Suppose you want to fit a regression model. You have a data set with multiple attributes. What would be the advantages of segmenting the data set and fitting a regression model to each of the segments?
By "fitting a regression model to each of the segments", I suppose you mean trying to do something like a Piecewise Linear Representation of a long time-series, as described in this paper: Segmenting Time Series: A Survey and Novel Approach. As quoted straight from the paper:
...this representation makes the storage, transmission and computation of the data more efficient. Specifically, in the context of data mining, the piecewise linear representation has been used to:
- Support fast exact similarly search .
- Support novel distance measures for time series, including “fuzzy queries” [27, 28], weighted queries , multiresolution queries [31, 18], dynamic time warping  and relevance feedback .

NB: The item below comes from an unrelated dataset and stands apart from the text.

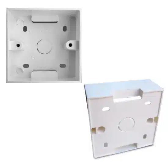 Πλαστικό κυτίο διαστάσεων 86Χ86Χ33 mm, κατάλληλο για τοποθέτηση θερμοστατών και άλλων συσκευών, επιτοίχεια ή χωνευτά σε τοίχο,

- Support concurrent mining of text and time series .
- Support novel clustering and classification algorithms .
- Support change point detection [29, 8].
In summary, it can be seen as a type of data preprocessing so you can train some kind of machine learning algorithm more easily/accurately (such as your regression model) or if you prefer, as a type of feature extraction.
By doing "segmentation" and build multiple models for each subset of data, you are essentially increase the model complexity, and may lead over fitting (So, it is not guaranteed to have advantage, but may also have disadvantage.)
I would suggest you to check the Bias-Variance trade off and understand if you are under fitting or over fitting.
If you are underfitting, "segmentation" and build multiple models for each subset of data, will help you. By increase the complexity of the model.
If you are over fitting, "segmentation" and build multiple models for each subset of data, will make things even worse.